Start of DATA PROVIDED

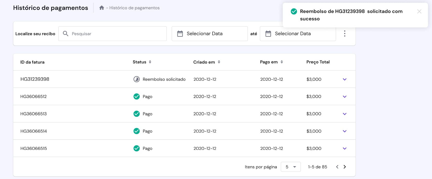 Prontinho! Seu pedido de reembolso foi registrado. Você receberá um e-mail de confirmação. Você também poderá acompanhar seu progresso através da seção Faturas → Histórico de pagamentos:
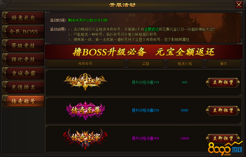 活动内容:活动期间,购买传奇称号,可获得限时称号,提升对怪物的伤害加成,开服第八天全额返还所花费元宝,并额外奖励一个神秘大奖!
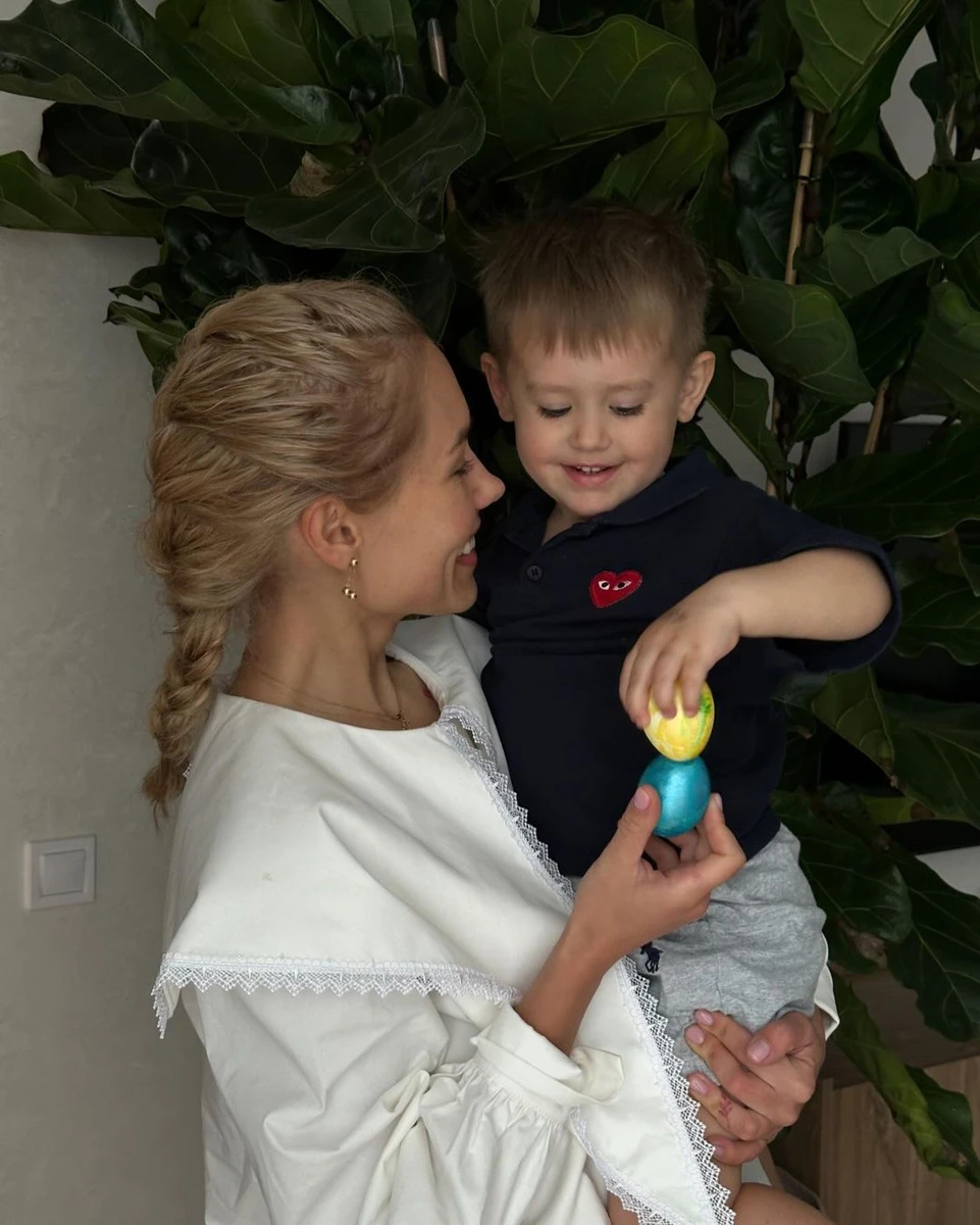 Квіткова у міні з незвичним коміром посвятила паску з 2-річним сином. Фото

End of DATA PROVIDED

_AIM OF THE EXERCISE_. Reproduce everything above exactly, images excluded.

_YOUR SOLUTION_.
 Prontinho! Seu pedido de reembolso foi registrado. Você receberá um e-mail de confirmação. Você também poderá acompanhar seu progresso através da seção Faturas → Histórico de pagamentos:
 活动内容:活动期间,购买传奇称号,可获得限时称号,提升对怪物的伤害加成,开服第八天全额返还所花费元宝,并额外奖励一个神秘大奖!
 Квіткова у міні з незвичним коміром посвятила паску з 2-річним сином. Фото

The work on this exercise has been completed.